CONFIG_SLUB_DEBUG is set by default on almost all builds. The only case
where CONFIG_SLUB_DEBUG is switched off is when we absolutely need to use
the minimum amount of memory (embedded or some such thing).

> The right solution is to make slabs_node() work even for
> !CONFIG_SLUB_DEBUG. The commit 0f389ec63077 ("slub: No need for per node
> slab counters if !SLUB_DEBUG") had put the per node slab counter under
> CONFIG_SLUB_DEBUG because it was only read through sysfs API and the
> sysfs API was disabled on !CONFIG_SLUB_DEBUG. However the users of the
> per node slab counter assumed that it will work in the absence of
> CONFIG_SLUB_DEBUG. So, make the counter work for !CONFIG_SLUB_DEBUG.

Please do not do this.

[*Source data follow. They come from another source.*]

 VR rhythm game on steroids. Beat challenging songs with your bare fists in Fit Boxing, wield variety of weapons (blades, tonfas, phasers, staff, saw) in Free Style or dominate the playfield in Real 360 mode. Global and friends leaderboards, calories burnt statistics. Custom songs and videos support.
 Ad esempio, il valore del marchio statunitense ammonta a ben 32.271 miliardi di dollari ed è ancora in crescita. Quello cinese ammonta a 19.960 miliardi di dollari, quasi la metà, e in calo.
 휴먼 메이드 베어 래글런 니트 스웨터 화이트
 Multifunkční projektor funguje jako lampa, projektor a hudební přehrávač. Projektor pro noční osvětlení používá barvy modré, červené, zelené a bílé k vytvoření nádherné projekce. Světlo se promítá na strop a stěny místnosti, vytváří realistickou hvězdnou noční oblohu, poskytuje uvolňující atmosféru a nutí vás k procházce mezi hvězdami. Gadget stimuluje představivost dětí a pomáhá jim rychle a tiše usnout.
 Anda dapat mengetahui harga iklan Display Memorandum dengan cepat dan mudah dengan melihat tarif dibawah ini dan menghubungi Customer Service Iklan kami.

Find a way to avoid these checks. The
objective of a !CONFIG_SLUB_DEBUG configuration is to not compile in
debuggin checks etc etc in order to reduce the code/data footprint to the
minimum necessary while sacrificing debuggability etc etc.

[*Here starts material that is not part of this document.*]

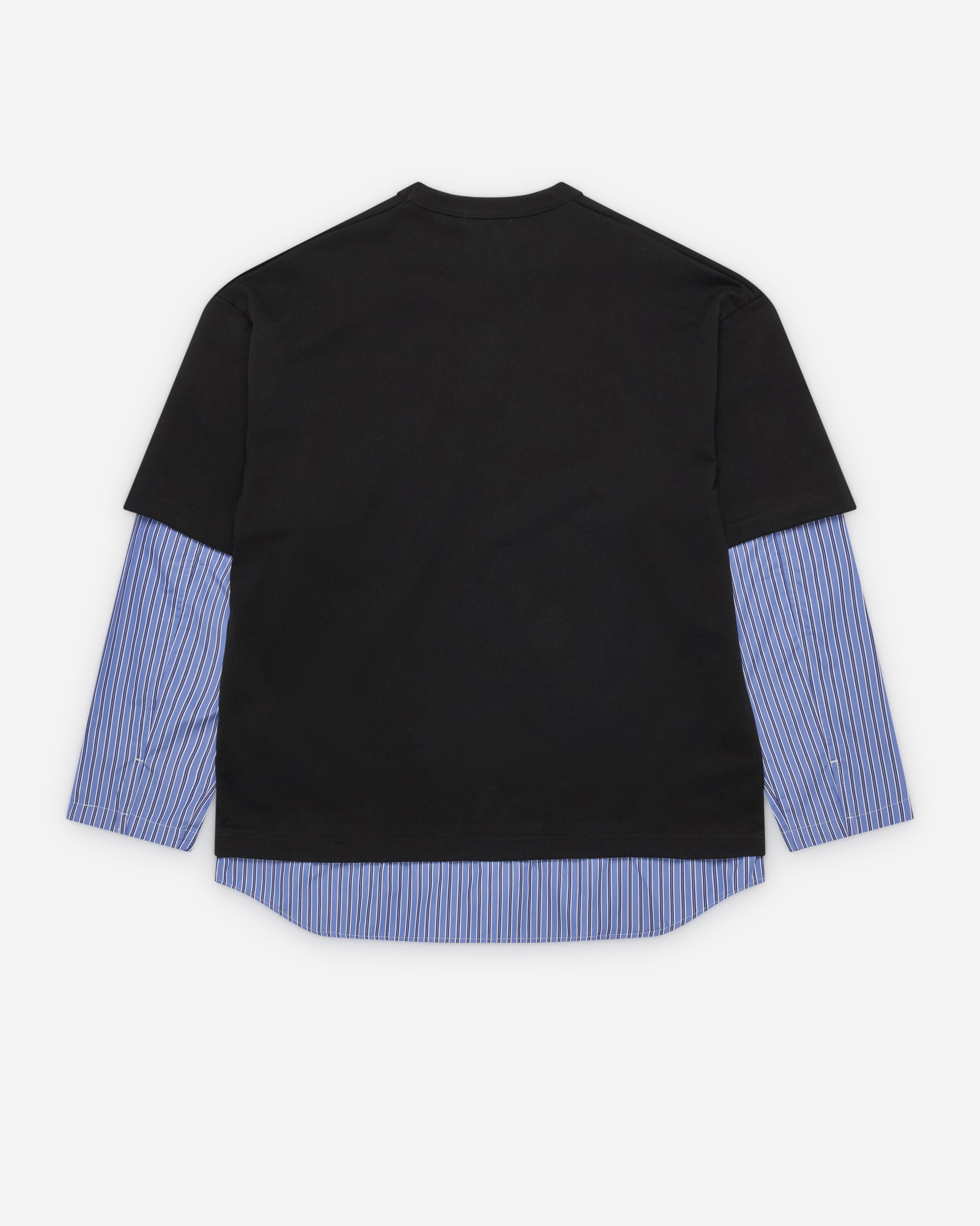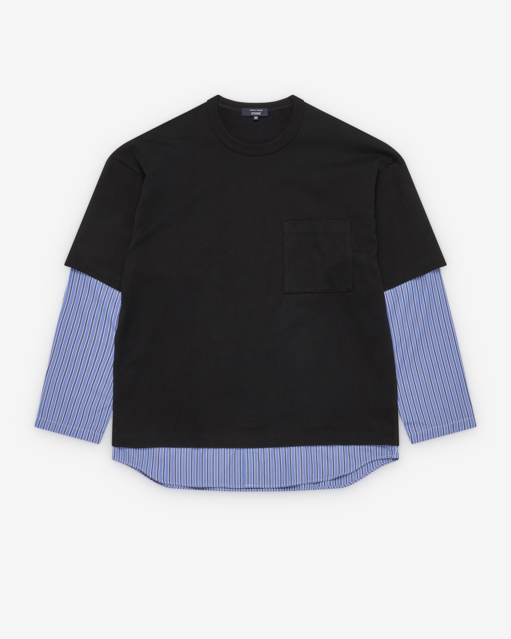Ribbed crew necklineChest pocketHeavyweight cotton fabricLayered striped poplin long sleeve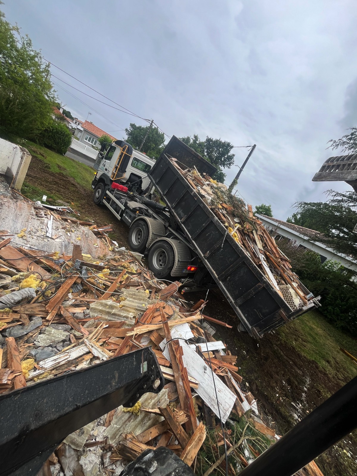 Nous avons ensuite utilisé nos bennes à gravats pour évacuer efficacement tous les déchets issus de la démolition, tels que les déchets industriels banals (DIB), bois, amiante, plastique, et fer. Ceux-ci ont été triés et dirigés vers des centres de traitement adaptés.

Maybe make it impossible to disable CONFIG_SLUB_DEBUG if CGROUPs are in
use?


2018-06-21 06:31:45

by Shakeel Butt

[permalink] [raw]
Subject: Re: [PATCH] slub: track number of slabs irrespective of CONFIG_SLUB_DEBUG

On Wed, Jun 20, 2018 at 6:15 PM Christopher Lameter <[email protected]> wrote:
>
> On Wed, 20 Jun 2018, Shakeel Butt wrote:
>
> > For !CONFIG_SLUB_DEBUG, SLUB does not maintain the number of slabs
> > allocated per node for a kmem_cache. Thus, slabs_node() in
> > __kmem_cache_empty(), __kmem_cache_shrink() and __kmem_cache_destroy()
> > will always return 0 for such config. This is wrong and can cause issues
> > for all users of these functions.
>
>
> CONFIG_SLUB_DEBUG is set by default on almost all builds. The only case
> where CONFIG_SLUB_DEBUG is switched off is when we absolutely need to use
> the minimum amount of memory (embedded or some such thing).
>
> > The right solution is to make slabs_node() work even for
> > !CONFIG_SLUB_DEBUG. The commit 0f389ec63077 ("slub: No need for per node
> > slab counters if !SLUB_DEBUG") had put the per node slab counter under
> > CONFIG_SLUB_DEBUG because it was only read through sysfs API and the
> > sysfs API was disabled on !CONFIG_SLUB_DEBUG. However the users of the
> > per node slab counter assumed that it will work in the absence of
> > CONFIG_SLUB_DEBUG. So, make the counter work for !CONFIG_SLUB_DEBUG.
>
> Please do not do this. Find a way to avoid these checks. The
> objective of a !CONFIG_SLUB_DEBUG configuration is to not compile in
> debuggin checks etc etc in order to reduce the code/data footprint to the
> minimum necessary while sacrificing debuggability etc etc.
>
> Maybe make it impossible to disable CONFIG_SLUB_DEBUG if CGROUPs are in
> use?
>

Copying from the other thread:

On Wed, Jun 20, 2018 at 6:22 PM Jason A. Donenfeld <[email protected]> wrote:
>
> On Thu, Jun 21, 2018 at 3:20 AM Christopher Lameter <[email protected]> wrote:
> >
> > NAK. Its easier to simply not allow !CONFIG_SLUB_DEBUG for cgroups based
> > configs because in that case you certainly have enough memory to include
> > the runtime debug code as well as the extended counters.
> >
>
> FWIW, I ran into issues with a combination of KASAN+CONFIG_SLUB
> without having CONFIG_SLUB_DEBUG, because KASAN was using functions
> that were broken without CONFIG_SLUB_DEBUG, so while you're at it with
> creating dependencies, you might want to also say KASAN+CONFIG_SLUB
> ==> CONFIG_SLUB_DEBUG.

KASAN is the only user of __kmem_cache_empty(). So, enforcing
KASAN+CONFIG_SLUB => CONFIG_SLUB_DEBUG makes sense but not sure about
cgroups or memcg. Though is it ok let __kmem_cache_shrink() &
__kmem_cache_shutdown() be broken for !CONFIG_SLUB_DEBUG?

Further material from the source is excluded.